Comment 2 Robert Relyea 2007-09-11 15:17:49 PDT
Created attachment 280518 [details] [diff] [review]
Several performance improvements, most notably the use of a cache for shared file systems.

This patch contains the following changes:

1) Creation of a cached copy of the database using sqlite's temporary table functionality. This cache is only used for read operations, and only in a shared filesystem. Whether or not the sqlite database is in a "shared filesystem" is determined by the relative performance between getting the access status of a non-existant file between the filesystem where the sqlite database resides and the local temp filesystem. Profile determined the majority of the time spent on shared filesystems was trying to determine if a rollback file existed.

2) changing the underlying model from one new database handle per operation to
a common one opened at startup. This is necessary because the cache is only visible in the handle it was created in and disappears when that handle is closed.

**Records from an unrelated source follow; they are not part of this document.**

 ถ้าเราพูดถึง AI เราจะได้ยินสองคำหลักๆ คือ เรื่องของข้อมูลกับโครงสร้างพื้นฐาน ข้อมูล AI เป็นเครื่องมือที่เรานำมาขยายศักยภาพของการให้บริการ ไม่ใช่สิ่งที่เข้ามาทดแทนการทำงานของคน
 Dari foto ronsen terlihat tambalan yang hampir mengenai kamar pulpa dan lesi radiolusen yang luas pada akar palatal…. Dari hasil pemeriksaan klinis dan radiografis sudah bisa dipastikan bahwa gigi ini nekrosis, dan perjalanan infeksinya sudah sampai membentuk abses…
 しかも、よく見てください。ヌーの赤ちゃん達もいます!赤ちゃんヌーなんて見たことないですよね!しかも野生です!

The code now documents the correct thread sharing rules for database
 handles. Write operations still go through their own database handle (also bypassing the cache). NOTE: This also significately increased the performance of the non-shared database case. 

3) Creation of explicit indexes for the most commonly accessed attributes. The combination of 2 and 3 moves the sqlite performance back to sub-second response for listing my over 100 entry database file when running on a local filesystem. (and down to under 2 seconds when running on a shared filesystem).

How the cache works.

On startup, if we find that the filesystem the database lives on significantly slower than the one the temporary database files live on, we initialize a temporary Table which is a copy of our database.

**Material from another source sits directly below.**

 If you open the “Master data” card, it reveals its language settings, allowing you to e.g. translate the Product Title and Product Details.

Whenever the table is older than 10 seconds, we create a new copy before we continue. NOTE: since we are using SQLITE primitives to create the cache, SQLITE guarrentees our cache will be self-consistant. Monitors protect access to the
cache (as well as access to the shared readonly database handle).

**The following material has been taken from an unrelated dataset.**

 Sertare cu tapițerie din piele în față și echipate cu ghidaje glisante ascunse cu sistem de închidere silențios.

All writes happen in a transaction. On the closing of a transaction, we update the database so local threads will immediately see our change.

Some global 'cosmetic' changes in the patch as well:

-Removal of SQLITE_THREAD_SHARED_DB define. This code attempted to do what this patch now does correctly in change 2 (namely go to a single database).
-PRLock is now a PRMonitor (sigh).
-sqlite3_pepare changed to sqlite3_prepare_v2 (slightly nicer semantic on database SCHEMA changes when running).
-rolled several sqlite3_open();sqlite3_busy_timeout(); calls into a single function. this function now takes open flags. Currently the flags are unused, but in the future when we have access to sqlite3 3.5.0 we can make the global ReadDB handle truly readonly.
-sdb_openDBLocal() now has a new optional paramter: table. This tells the underlying code what table to use (the direct database table, or the temporary cache table). Only FindObjectsInit and GetAttributes uses the table (all other accesses are either write accesses or access the metaData table, which is not cached).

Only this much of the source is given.